WHAT THIS TASK INVOLVES: What should come back is the data below, word for word, minus any picture.

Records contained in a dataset
◆ ◆ ◆ ◆

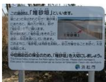
(中田島砂丘入口／中田島町)

外国語(英語、ポルトガル語)で表示することや、漢字にふり仮名をふることで、より多くの人に伝えることができます。
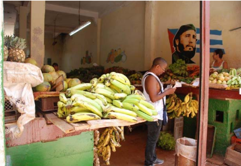
Obst- und Gemüseverkauf mit revolutionärer Begleitung
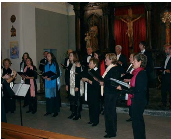
IX Encuentro de Corales.

Concierto con las corales Barbitania (Barbastro), Hermandad de empleados CAI (Zaragoza) y Villa de Graus .
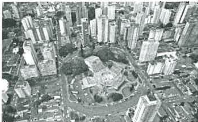
Vista aérea do Centro de Convivência Cultural - Campinas

Atendendo determinação da Assembléia Geral Ordinária de 1999, o VII Encontro Brasileiro de Higienistas Ocupacionais acontecerá no Estado de São Paulo. Se você não conhece, vai se surpreender com Campinas, cidade de quase um milhão de habitantes, e que está a apenas 80 km (60 minutos) da capital.
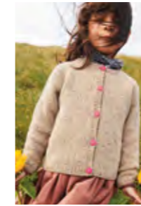
DEBUTANT CARDIGAN TWEED EDITION Tweed Recycled Design 1

◆ ◆ ◆ ◆

EXPECTED ANSWER:
(中田島砂丘入口／中田島町)

外国語(英語、ポルトガル語)で表示することや、漢字にふり仮名をふることで、より多くの人に伝えることができます。
Obst- und Gemüseverkauf mit revolutionärer Begleitung
IX Encuentro de Corales.

Concierto con las corales Barbitania (Barbastro), Hermandad de empleados CAI (Zaragoza) y Villa de Graus .
Vista aérea do Centro de Convivência Cultural - Campinas

Atendendo determinação da Assembléia Geral Ordinária de 1999, o VII Encontro Brasileiro de Higienistas Ocupacionais acontecerá no Estado de São Paulo. Se você não conhece, vai se surpreender com Campinas, cidade de quase um milhão de habitantes, e que está a apenas 80 km (60 minutos) da capital.
DEBUTANT CARDIGAN TWEED EDITION Tweed Recycled Design 1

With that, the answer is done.